Websocket pinging is used because certain proxies close a websocket if there are no messages over it for 60 seconds: we send a ping message every 30 seconds, and the browser sends a pong back. This is part of the websocket protocol, so the browser should do it automatically. If we don’t get the pong back after 90 seconds, we assume that the connection is lost and kill it.

I can’t think why code executing would affect that, but it’s suspicious that it causes high CPU usage on the client. What progress bar library is the code using? Can you disable the progress bar and see if the behaviour still occurs?

I do use tqdm. But it is an extra step to specify tqdm progress bars on every call to fit functions; and another step to save the notebook with the bars. Does not feel like a proper solution.

Is it hard to fix? On 20 Jun 2017 12:03 a.m., “Nate George” notifications@github.com wrote:

Could also use keras-tqdm maybe https://github.com/bstriner/keras-tqdm

— You are receiving this because you commented. Reply to this email directly, view it on GitHub https://github.com/jupyter/notebook/issues/1474#issuecomment-309597509, or mute the thread https://github.com/notifications/unsubscribe-auth/ABJN6crffcUkhit3tQOV47YnhGDEDfcKks5sFv43gaJpZM4Ijq2W .

try disabling windows firewall for your private network (if you are running the notebook on localhost:8888), that solved it for me.

This WebSocket ping timeout also occurs frequently if you output a considerable amount of logging messages to the cell in a long running job (not with Keras).

This bug is not just an issue with fit but also with downloading applications. In this case the progress bar cannot be turned off.e.g.

 from keras.applications.vgg16 import VGG16

On 20 June 2017 at 00:10, simon mackenzie simonm3@gmail.com wrote:

I do use tqdm. But it is an extra step to specify tqdm progress bars on every call to fit functions; and another step to save the notebook with the bars. Does not feel like a proper solution.

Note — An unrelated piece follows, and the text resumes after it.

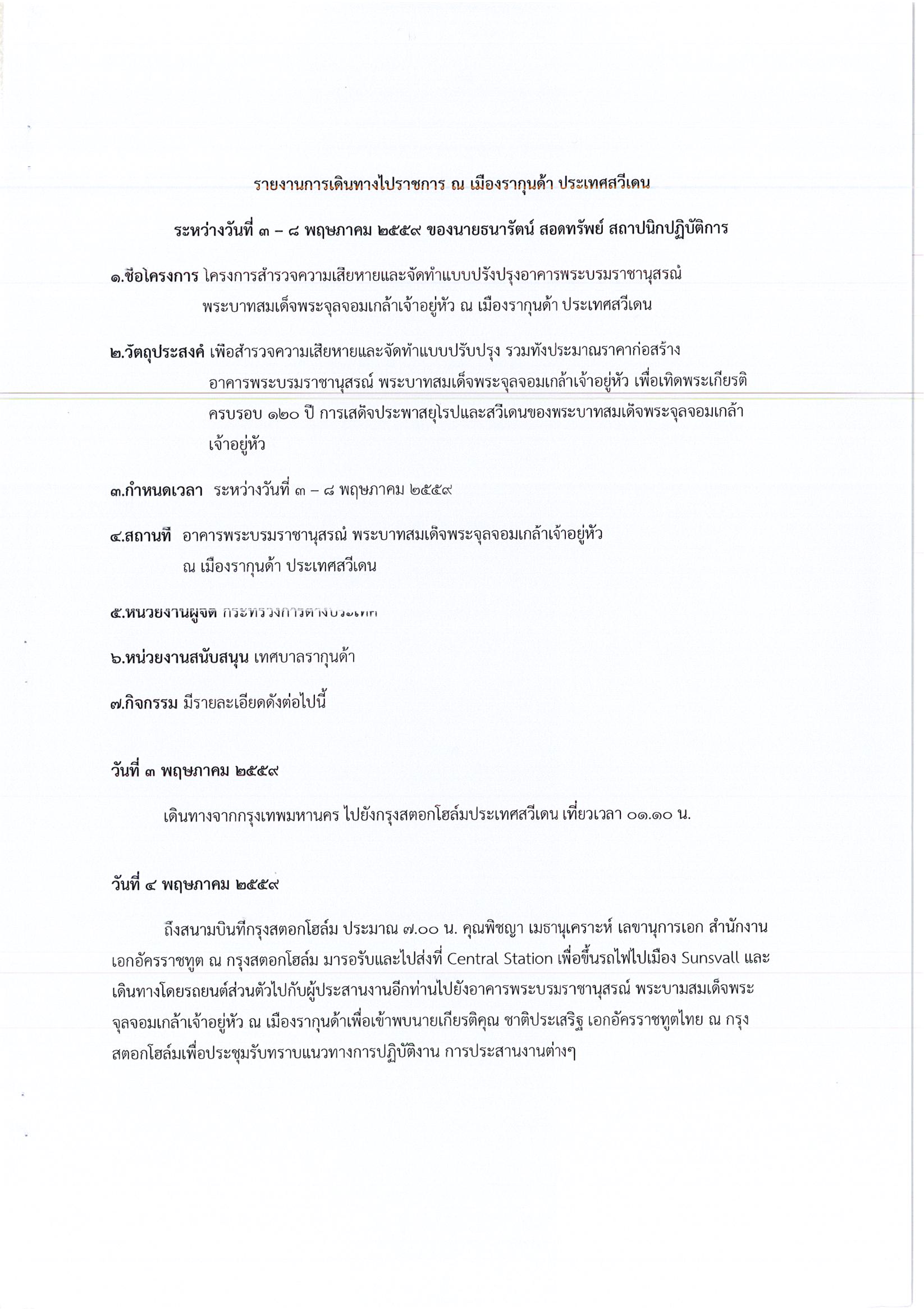 รายงานการเดินทางไปราชการ ณ ราชอาณาจักรสวีเดน ระหว่างวันที่ 3 – 8 พฤษภาคม 2559 โครงการสำรวจความเสียหายและจัดทำแบบปรับปรุงอาคารพระบรมราชานุสรณ์พระบาทสมเด็จพระจุลจอมเกล้าเจ้าอยู่หัว ณ เมืองรากุนด้า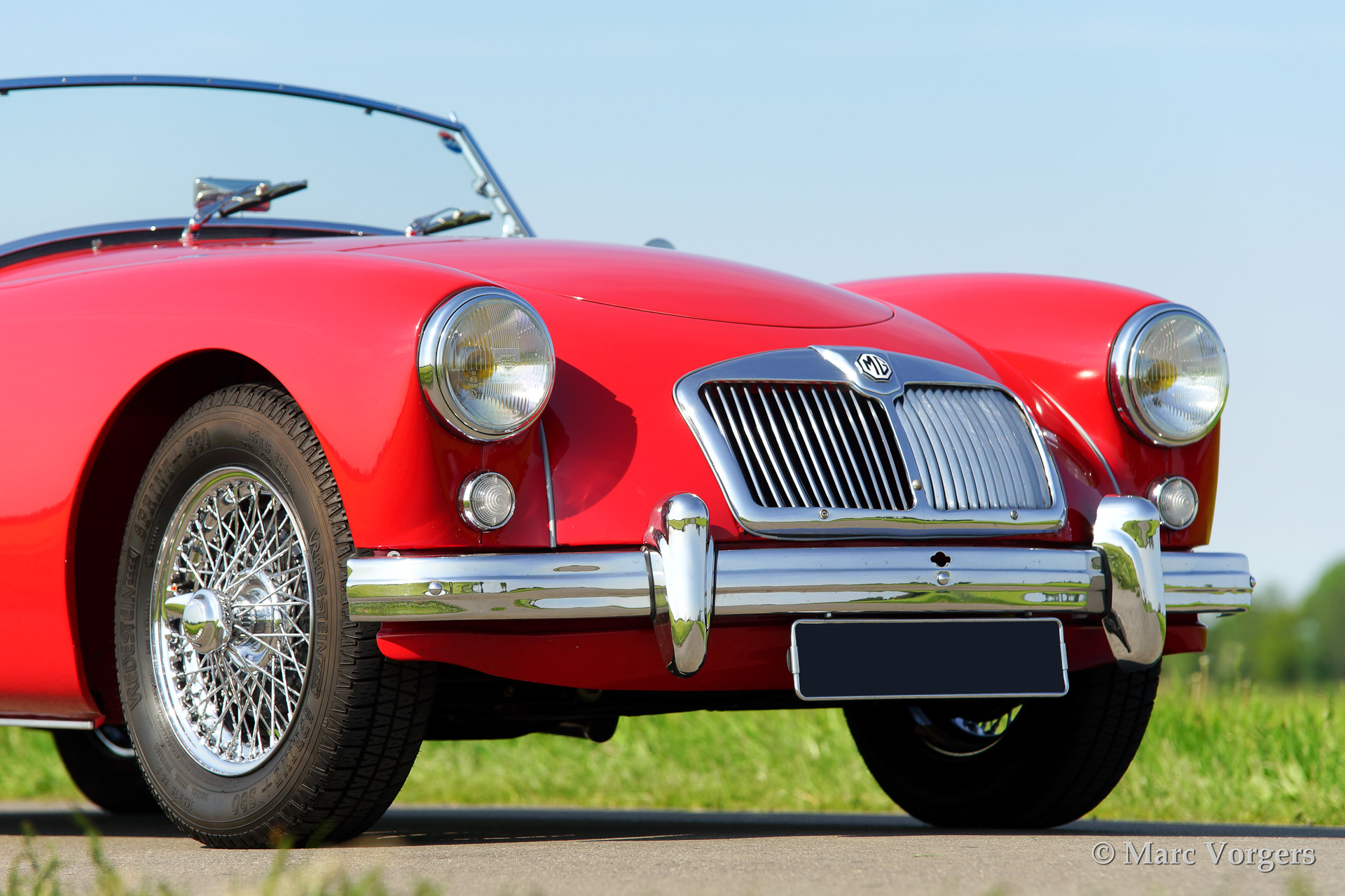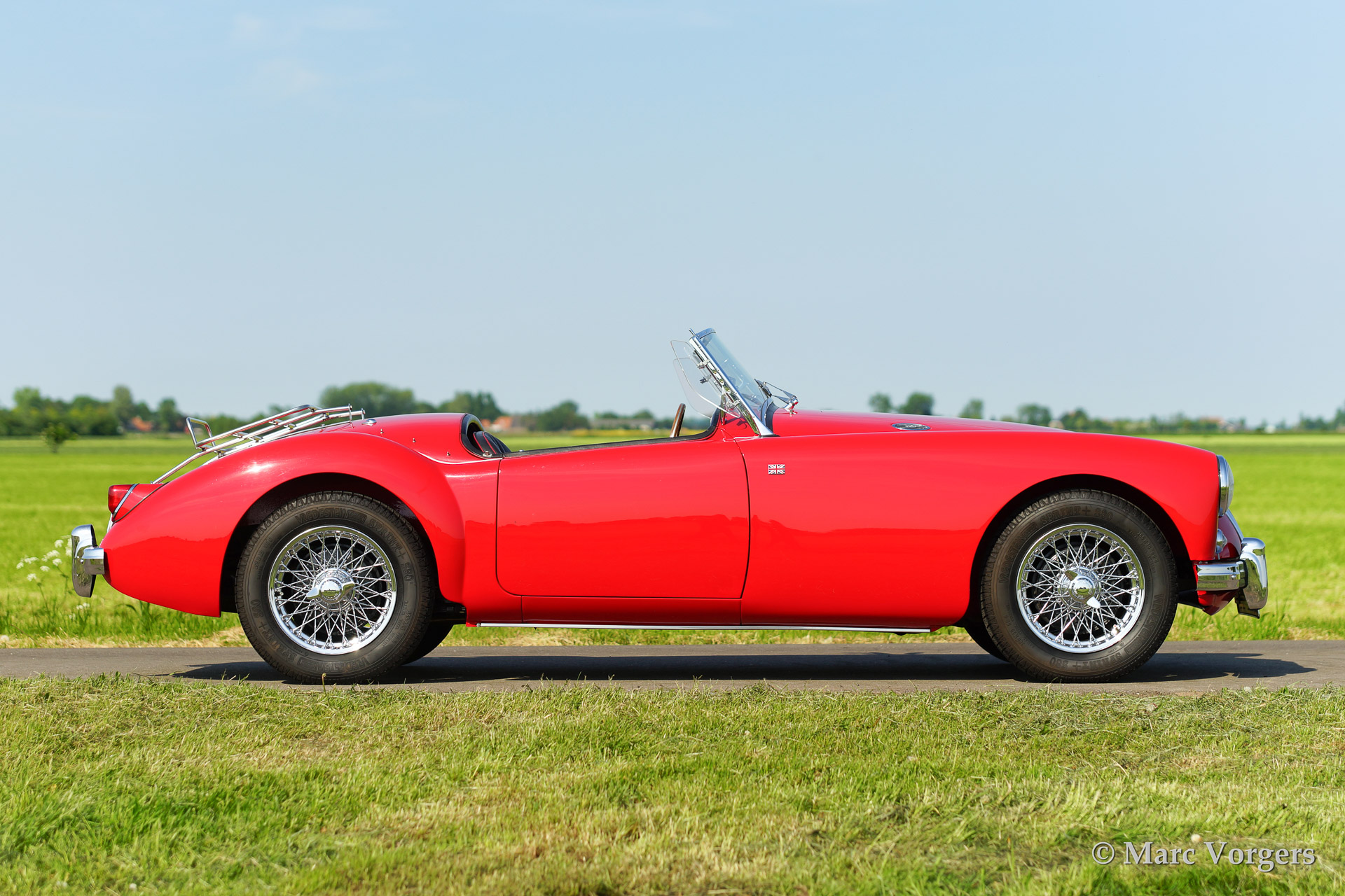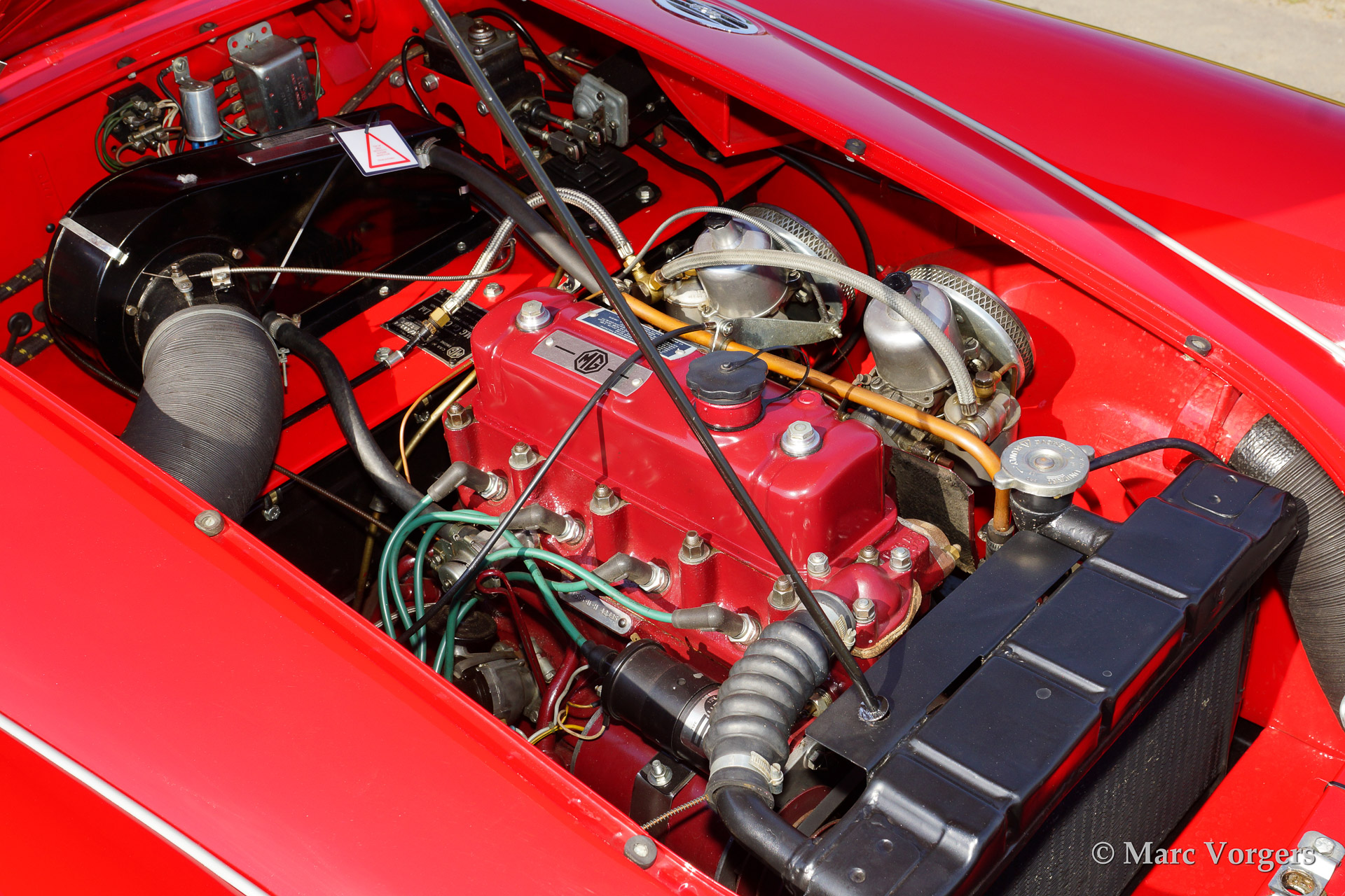 MG MGA 1500 roadster, bouwjaar 1958. Kleur rood met een zwart lederen interieur afgebiest met rode 'piping'. Zwarte mohair soft top. Deze prachtige MG MGA werd uitvoerig 'body off' gerestaureerd waarbij het chassis werd gepoedercoat. De auto is uitgerust met chroom spaakwielen, een Motolita sportstuur met houten rand en aluminium 'side screens'.

Is it hard to fix? On 20 Jun 2017 12:03 a.m., “Nate George” notifications@github.com wrote:

Could also use keras-tqdm maybe https://github.com/bstriner/keras-tqdm

— You are receiving this because you commented. Reply to this email directly, view it on GitHub https://github.com/jupyter/notebook/issues/1474#issuecomment-309597509, or mute the thread https://github.com/notifications/unsubscribe-auth/ABJN6crffcUkhit3tQOV47YnhGDEDfcKks5sFv43gaJpZM4Ijq2W .

@Jeffalltogether what version of tornado do you have (might start with pip list or conda list to be safe)? It’s odd that this timeout is raising an error in .get(), which should have returned before the timer started. That suggests that something isn’t waiting the way we expect it to - perhaps because your tornado is too old, or perhaps it’s a new version that changed something out from under us.

is it possible to override this timeout when the notebook is in the “(busy)” state?

Not easily, and I’m pretty sure it’s the wrong fix, in any case. The fact that the kernel is executing something shouldn’t stop the browser from responding to websocket pings.

I have seen a number of other people with a similar issue.

That does look like the same issue that you’re seeing, and @minrk is the person most likely to be able to work it out.